### Collected material
********
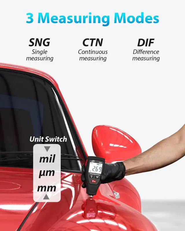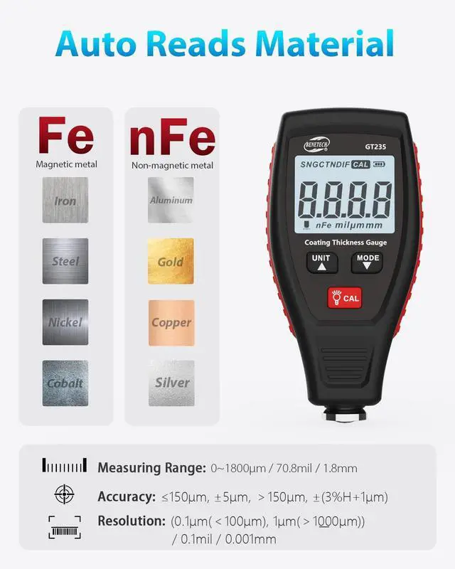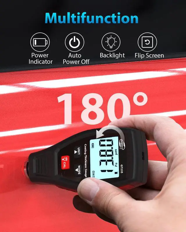 Easy Reading Save Power: The coating thickness gauge is equipped with an LCD backlit display screen for easy viewing of data under various lighting conditions. The device also has an auto power-off function to conserve battery power and prolong service life.
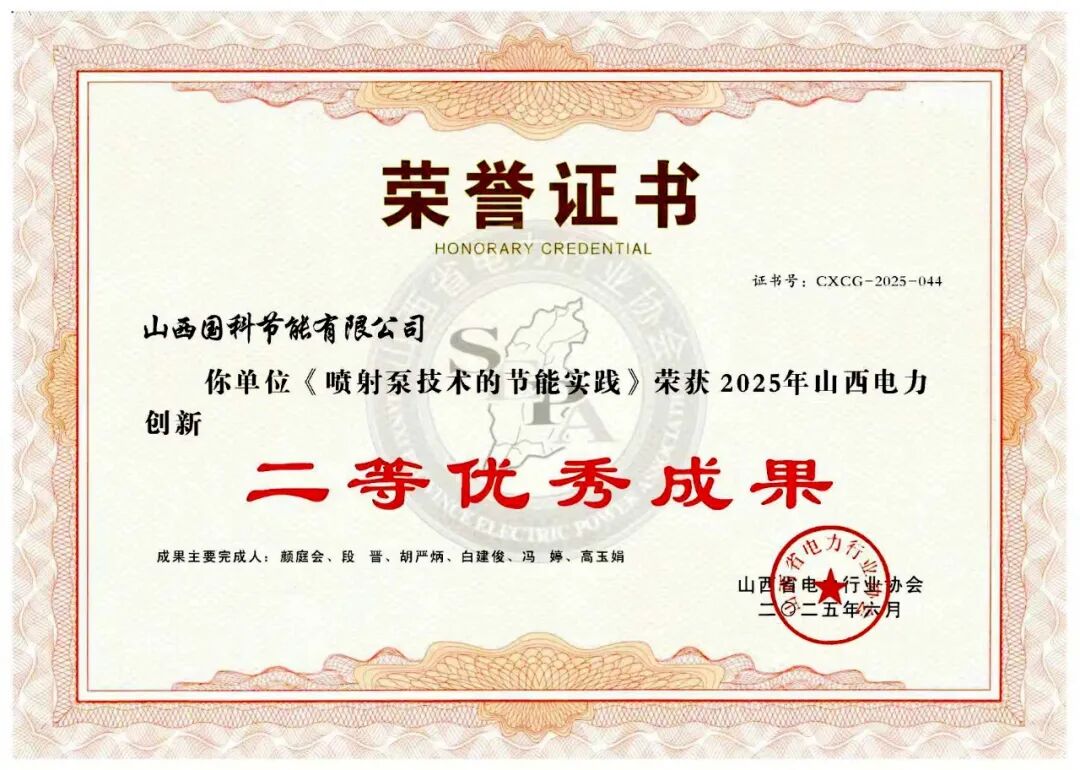 近日,环保工程公司所属的国科节能公司自主研发的“喷射泵技术的节能实践”成果获评2025年山西电力创新“二等优秀成果”。这是国科公司继2023年、2024年之后又一年连续获得山西电力创新成果优秀成果。
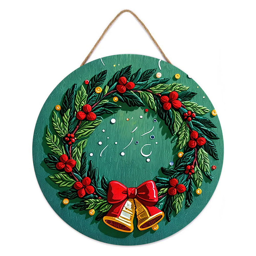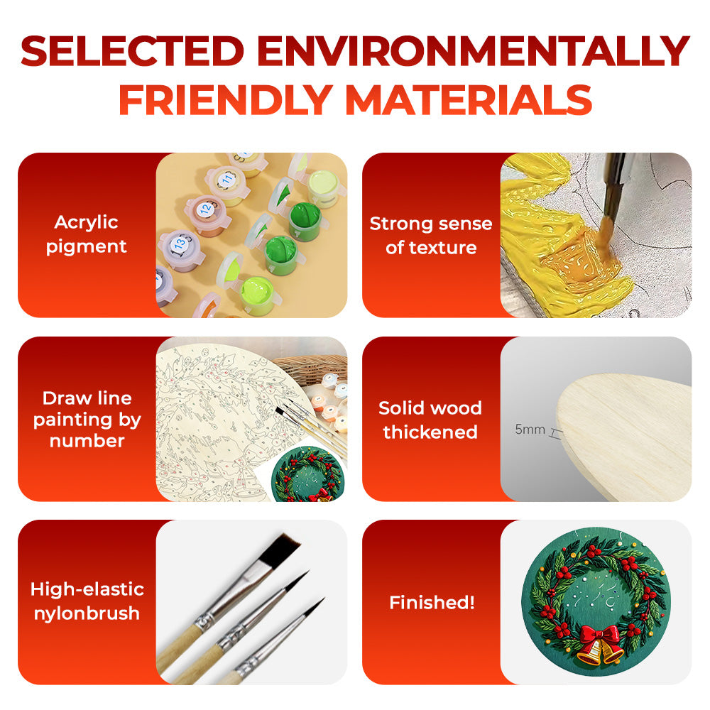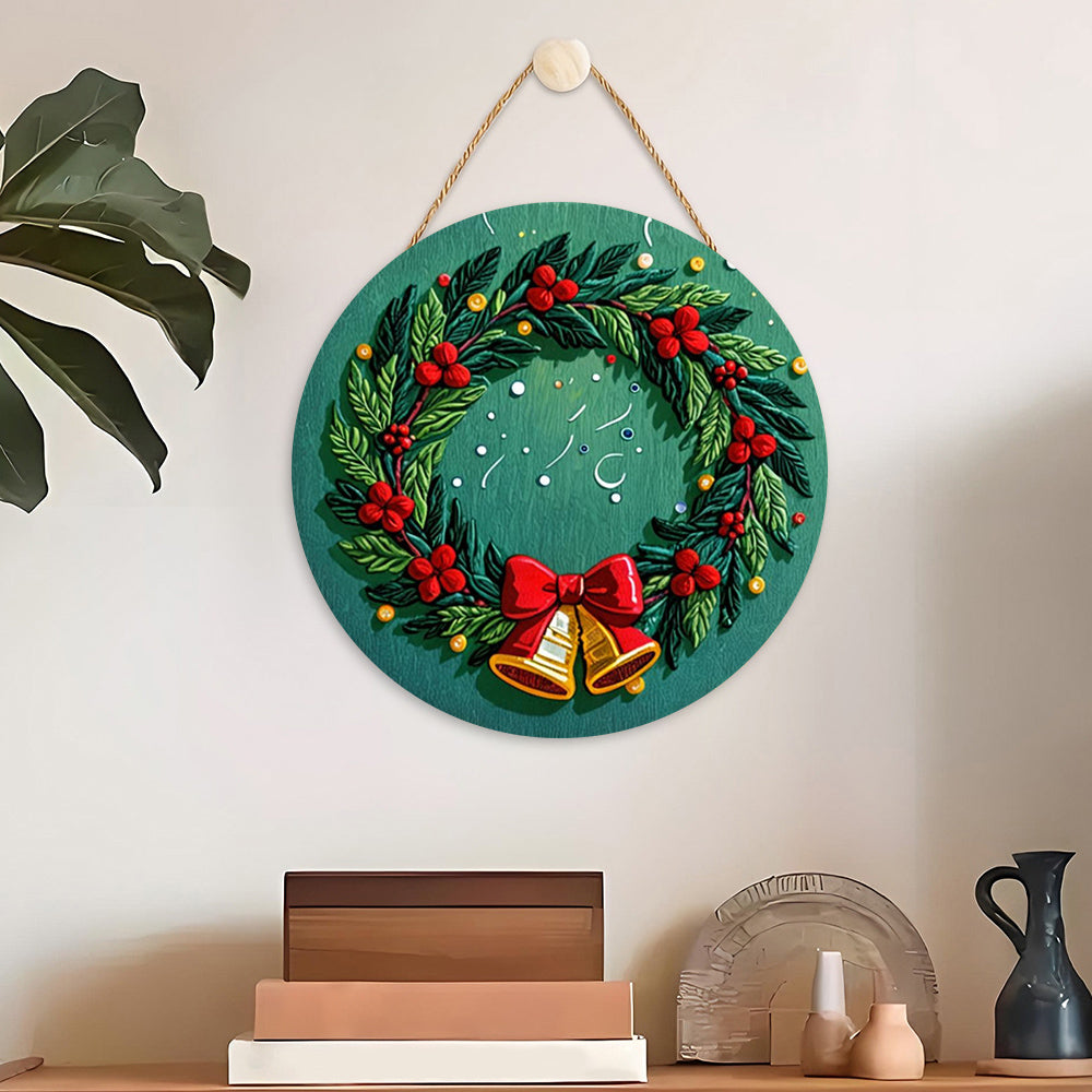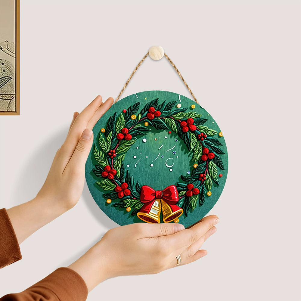 Paint by Numbers on Wood Slice - Christmas Wreath with Bells
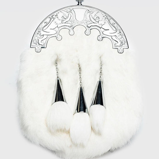 This White Rabbit Dress Sporran is a luxurious Highland accessory, handcrafted from premium leather and finished with soft rabbit fur for an elegant and distinguished look. Featuring a detailed Pride of Scotland lion rampant cantle and three straight chains with matching cone top tassels, it is designed to complement formal kilt attire at weddings, ceilidhs, and special occasions. Combining traditional craftsmanship with timeless Scottish style, this sporran is both a statement piece and a practical addition to any dress outfit.
********
### Your assignment
For this exercise, write out the listing verbatim and leave every image out.

### Task output
 Easy Reading Save Power: The coating thickness gauge is equipped with an LCD backlit display screen for easy viewing of data under various lighting conditions. The device also has an auto power-off function to conserve battery power and prolong service life.
 近日,环保工程公司所属的国科节能公司自主研发的“喷射泵技术的节能实践”成果获评2025年山西电力创新“二等优秀成果”。这是国科公司继2023年、2024年之后又一年连续获得山西电力创新成果优秀成果。
 Paint by Numbers on Wood Slice - Christmas Wreath with Bells
 This White Rabbit Dress Sporran is a luxurious Highland accessory, handcrafted from premium leather and finished with soft rabbit fur for an elegant and distinguished look. Featuring a detailed Pride of Scotland lion rampant cantle and three straight chains with matching cone top tassels, it is designed to complement formal kilt attire at weddings, ceilidhs, and special occasions. Combining traditional craftsmanship with timeless Scottish style, this sporran is both a statement piece and a practical addition to any dress outfit.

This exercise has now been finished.